Pada 28 Januari, Trump mengumumkan bahwa Angkatan Laut AS telah mengirimkan “armada besar” ke Timur Tengah, yang dipimpin oleh kapal induk bertenaga nuklir Abraham Lincoln. Ia mengancam Teheran dengan kekerasan jika pemerintah Iran menolak untuk menandatangani kesepakatan itu. Ia tidak memberikan rincian spesifik mengenai kesepakatan tersebut.
“Namun para pejabat Amerika dan Eropa mengatakan bahwa mereka telah mengajukan tiga tuntutan kepada Iran selama pembicaraan: penghentian secara permanen pengayaan uranium, pembatasan jumlah rudal balistik, dan penghentian semua bantuan untuk kelompok proksi di Timur Tengah, termasuk Hamas , Hizbullah, dan Houthi yang beroperasi di Yaman ,” tulis NYT.
Politisi Partai Republik itu berharap Iran akan segera datang ke meja perundingan dan mencapai kesepakatan yang adil dan merata—yang menguntungkan semua pihak.
Pemimpin Amerika itu memperingatkan bahwa “waktunya hampir habis” dan menyerukan Teheran untuk mencapai kesepakatan.
“Serangan berikutnya akan jauh lebih buruk!
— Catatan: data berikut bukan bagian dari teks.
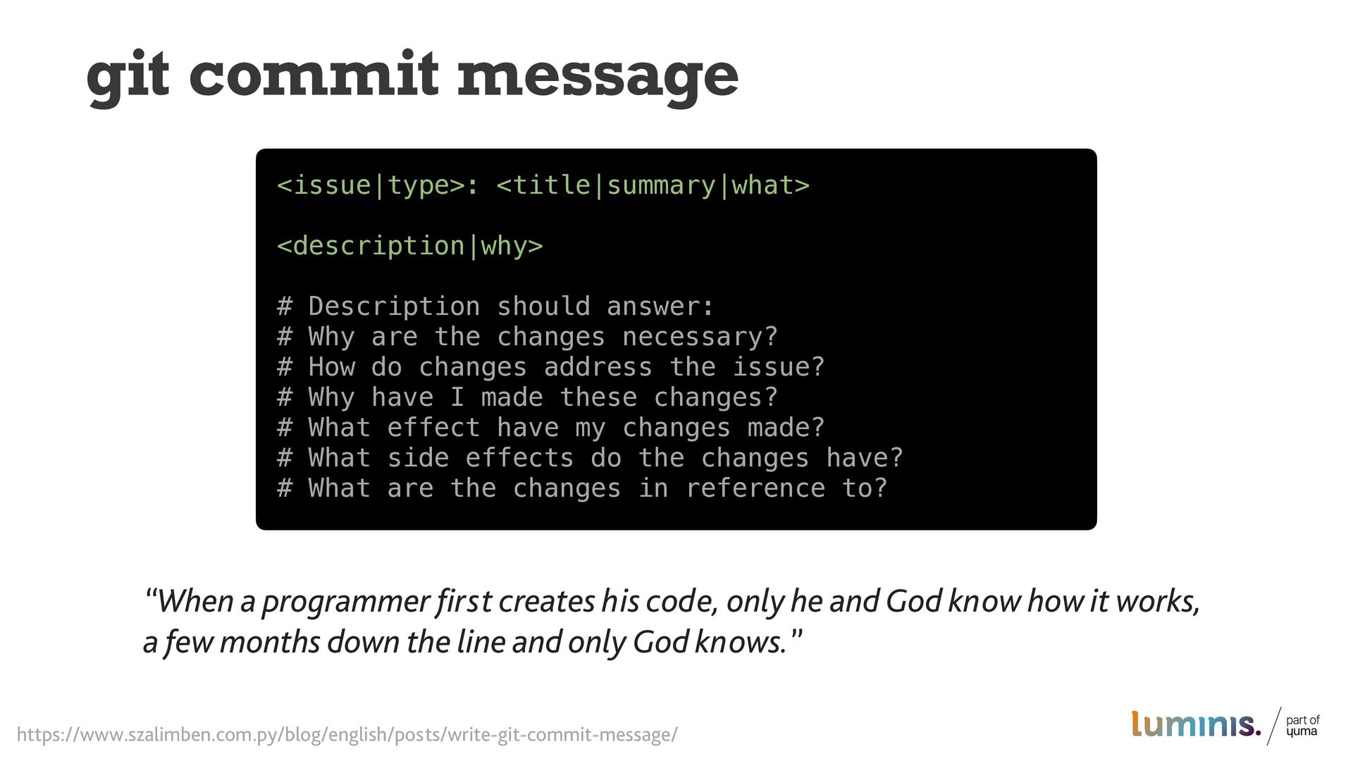 the changes necessary? # How do changes address the issue? # Why have I made these changes? # What effect have my changes made? # What side effects do the changes have? # What are the changes in reference to? “When a programmer first creates his code, only he and God know how it works, a few months down the line and only God knows.” https://www.szalimben.com.py/blog/english/posts/write-git-commit-message/ git commit message

Jangan biarkan itu terjadi lagi,” pungkas Trump.
Korps Garda Revolusi Islam Iran (IRGC) mengatakan pasukan Iran “telah siap menembak” dan “lebih siap dari sebelumnya untuk melaksanakan perintah dan instruksi panglima tertinggi.” Pihak berwenang memperingatkan bahwa jika terjadi serangan, wilayah Israel dan pangkalan Amerika di Timur Tengah akan menjadi “target yang sah.” Teheran akan menganggap setiap serangan sebagai perang skala penuh dan siap untuk merespons “dengan cara yang paling keras,” lapor seorang pejabat senior Iran.